Gravitational Force Components

When a mass moves along an inclined plane, gravity pulls it straight towards the center of the Earth. However, not all of this gravitational force directly influences the motion of the mass down the incline. To better understand what happens, we decompose this force into two components:

• Parallel Component: This part pulls the object down the slope and is given by the formula \( F_{\parallel} = mg \sin \alpha \), where \( m \) is the mass, \( g \) is the acceleration due to gravity, and \( \alpha \) is the angle of the incline.
• Perpendicular Component: This part presses the object into the surface of the incline and does not contribute to the movement down the slope. It is determined by \( F_{\perp} = mg \cos \alpha \).

The parallel component is what actually causes the object to slide down the incline, while the perpendicular component does no work since it does not cause the object to displace in its own direction. Understanding these components is crucial to analyzing how objects accelerate on inclined planes.

Inclined Plane Dynamics

The dynamics of an object sliding down an inclined plane can be fully understood by considering the forces in play. A crucial point here is recognizing how the gravitational force is applied and how this translates into motion.When you look at an object on an inclined plane, you will note that the angle of the incline, \(\alpha\), affects the gravitational force's parallel and perpendicular components. While one might initially think the angle should also impact the acceleration of the mass, it turns out that it doesn’t.This is demonstrated using work done calculations:

• The parallel force component over the incline does work equivalent to \( mgh \). This result matches what would occur if the object fell vertically through the height \( h \). Thus, both methods of descent lead to the same speed at the bottom, since work depends solely on the vertical height and not the path taken.
• This outcome is rooted in the simple relationship \( s = \frac{h}{\sin \alpha} \), which shows how inclined path length \( s \) relates to vertical height \( h \). Substituting this into the work formula, the dependence on \( \alpha \) cancels out.

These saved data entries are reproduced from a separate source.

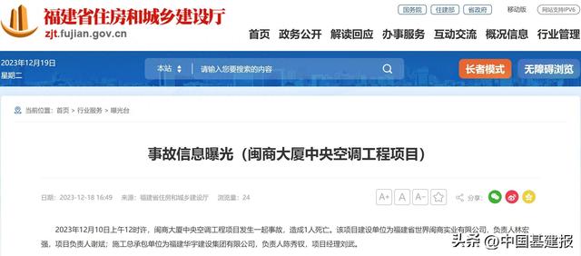 闽商大厦中央空调工程项目发生一起事故,造成1人死亡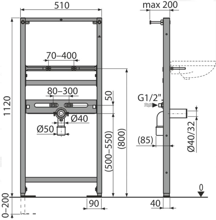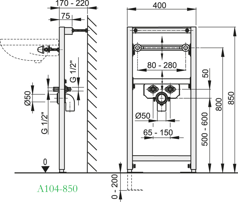 Popis Alcaplast montážny rám pre umývadlo A104-850, A104-1120Alcaplast montážny rám pre umývadlo do sadrokartónovej konštrukcie, inštalačná výška 85, 112 cm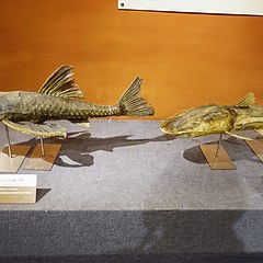 展出的化石鱼类包括软骨鱼类、肉鳍鱼类和辐鳍鱼类约30种,某些鱼类处于生物进化的关键环节(如空棘鱼类),对描述鱼类演化与谱系关系具有不可替代的作用。
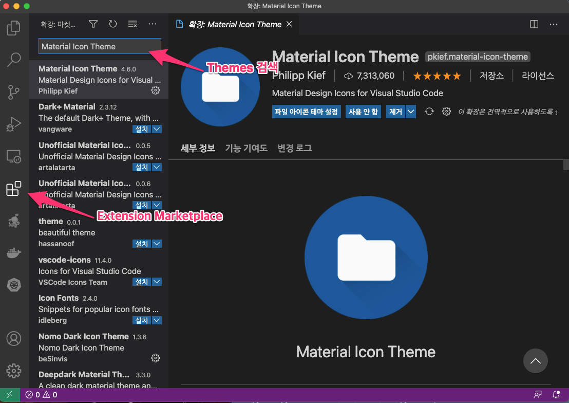 Visual Studio Code 테마 변경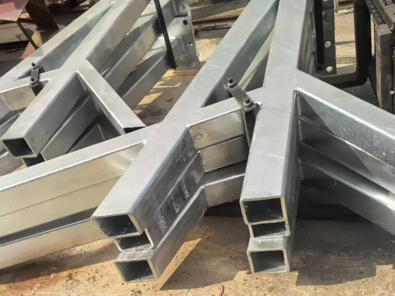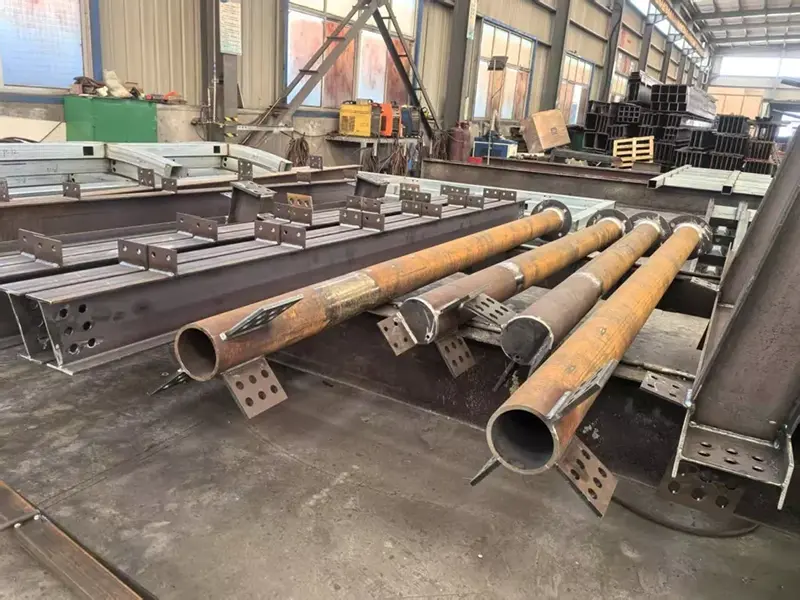Сталь зближується на переробному заводі відповідно до креслень проектування шляхом різання, зварювання, буріння тощо для виготовлення різних компонентів, таких як сталеві промені, сталеві колони, пурліни тощо. Під час конструкційного процесу стандарти технології обробки суворо реалізуються для забезпечення розміру компонентів. Наприклад, при виготовленні сталевих балків зазор між фланцевою пластиною та веб -пластиною, якістю зварювання тощо повинен відповідати вимогам специфікацій. Оброблені компоненти пронумеровані та позначені для легкого транспортування та складання на місці.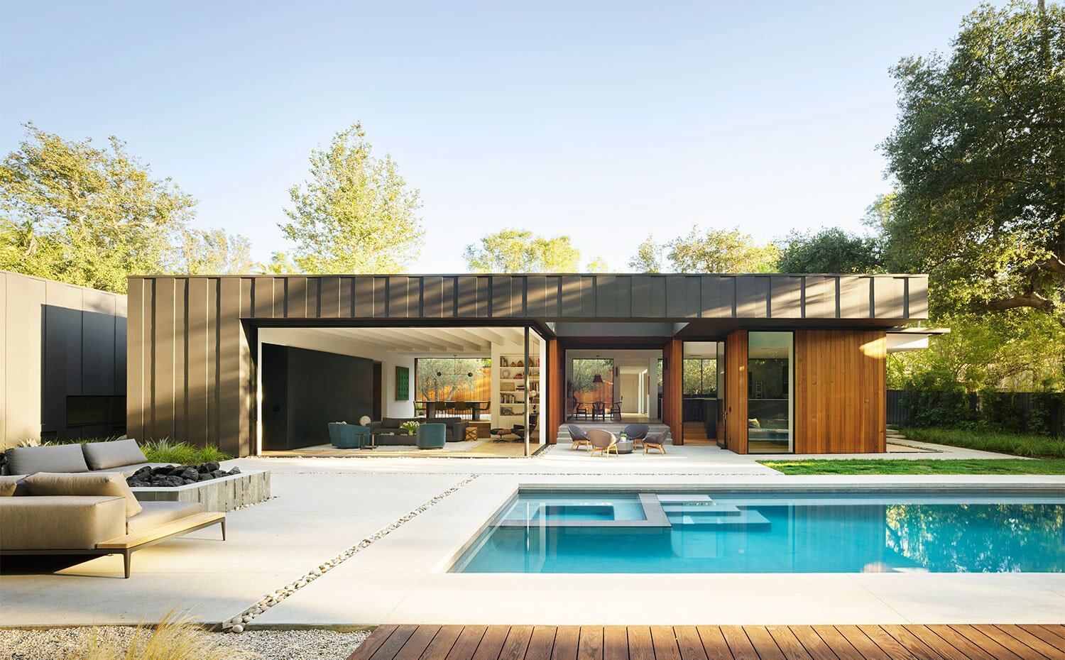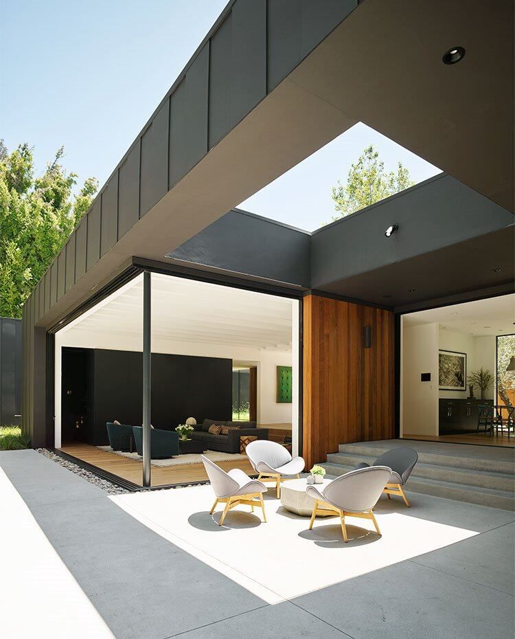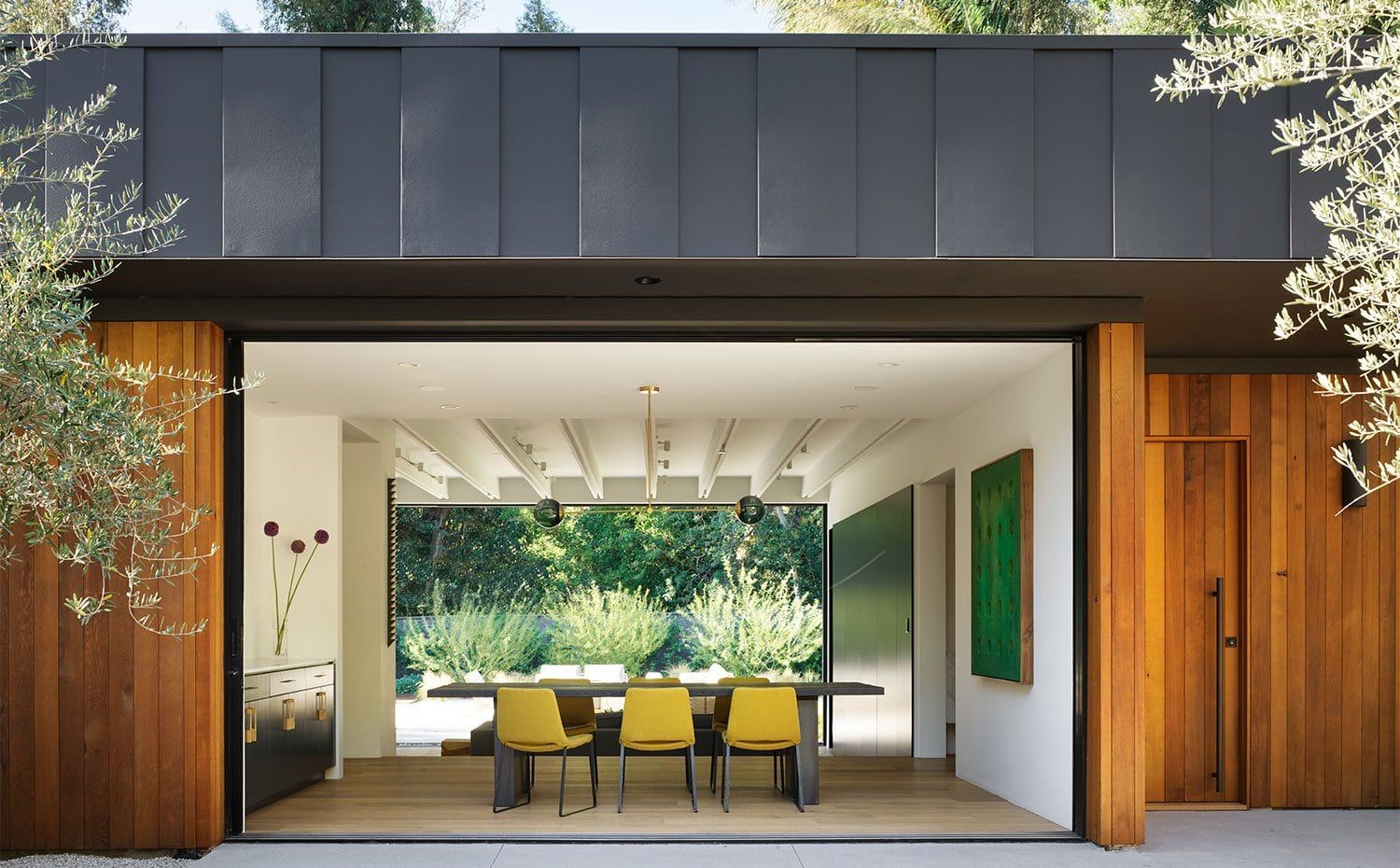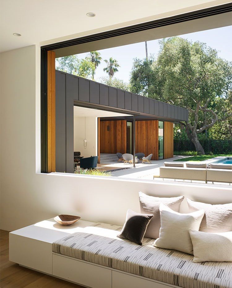 Grandes aperturas con cerramientos acristalados perforan los muros revestidos de madera para crear vistas a través de los interiores hacia el exterior, y viceversa. Esto incluye puertas con sistema corredizo oculto, diseñadas para abrir las paredes por completo.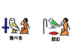 ヒエログリフが読めない人には、ひよこや蛇、グニャグニャした線などの図形の集まりにしか見えません。しかし、下に日本語が併記されているので大丈夫。ちゃんと読めます。日本語でOKとか言うのはやめてください! ヒエログリフを使うことにロマンがあるんです!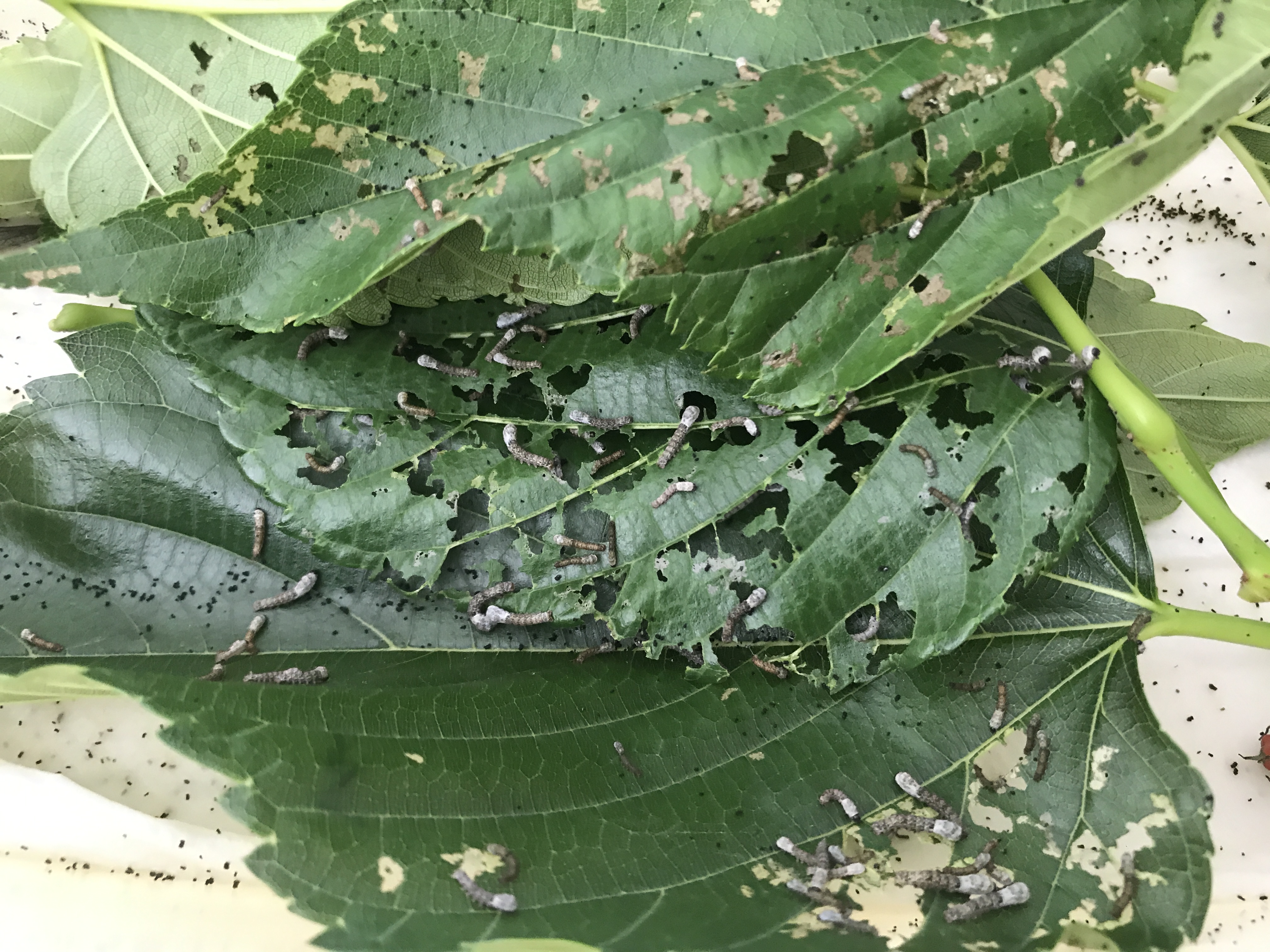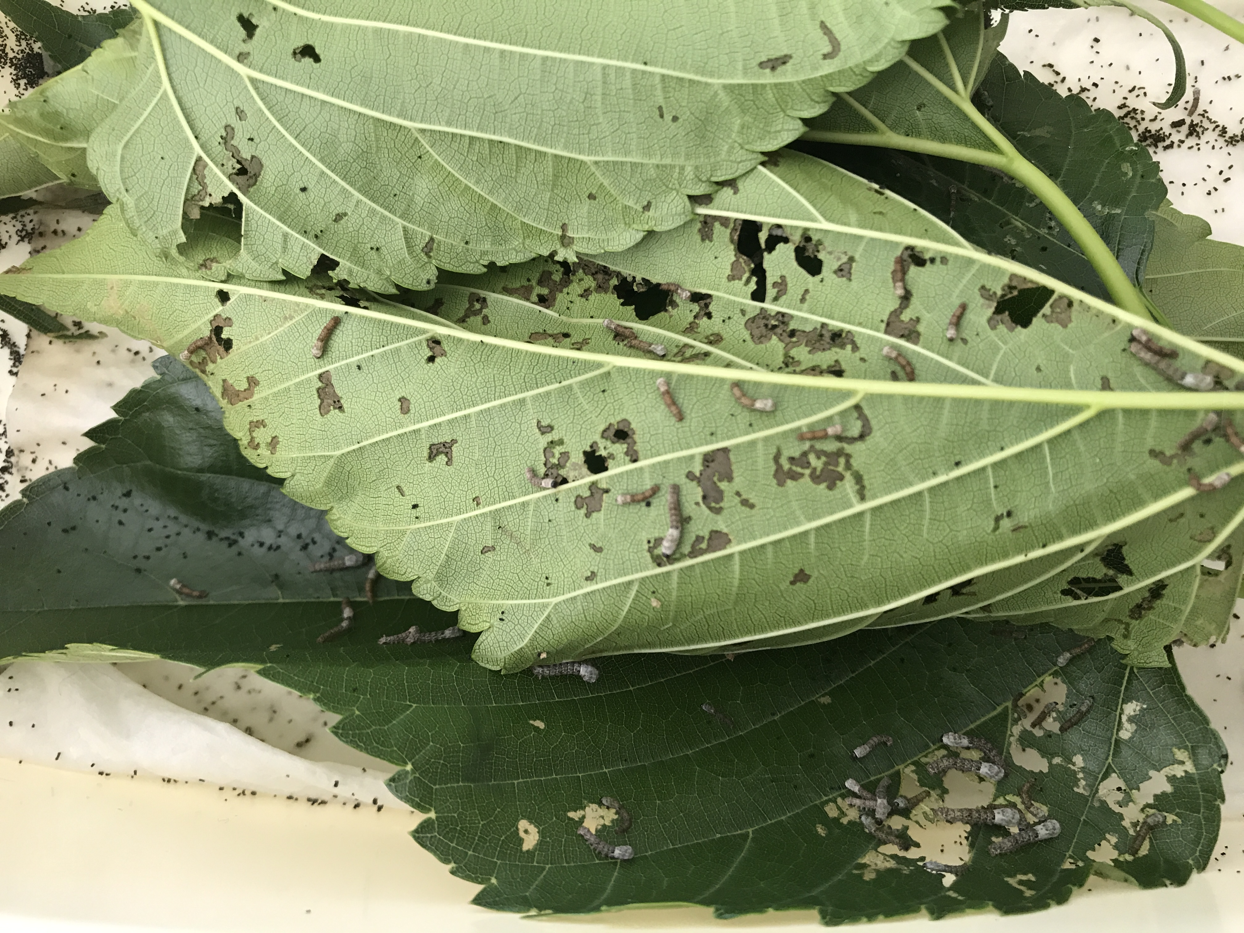 Les chenilles ont mué deux fois, elles arrivent au troisième âge et elles mesurent maintenant 1cm. Il est plus facile de les toucher. Elles commencent à faire de vrais trous dans les feuilles. On commence même à les entendre manger si on tend bien l’oreille et qu’il n’y a pas de bruit dans la pièce.

Inclined plane dynamics illustrate how a body accelerates under the influence of gravitational force components and confirms that certain physical outcomes, like energy use, remain constant regardless of the path taken by the object.

Conservative Forces

Gravitational force is classified as a conservative force. This means that the work it does on a body only depends on the starting and ending positions, not the path taken. A conservative force like gravity can convert potential energy to kinetic energy or vice versa, without any loss of total mechanical energy.For practical purposes, consider the descent of the mass on an inclined plane:

• The total work converted from potential energy (mgh) to kinetic energy is path-independent, as highlighted by the work-energy theorem: \[ \Delta KE = W_{\text{total}} = \frac{1}{2}mv^2 \].
• Since the change in kinetic energy equals the work done by gravity, and this is independent of the angle \( \alpha \), it shows that the speed at the bottom only depends on the height \( h \).

By understanding conservative forces, students can better grasp how energy is conserved in various physical processes. This understanding is essential for further studies in physics, as it forms a foundation for analyzing motion and energy transformations across different systems.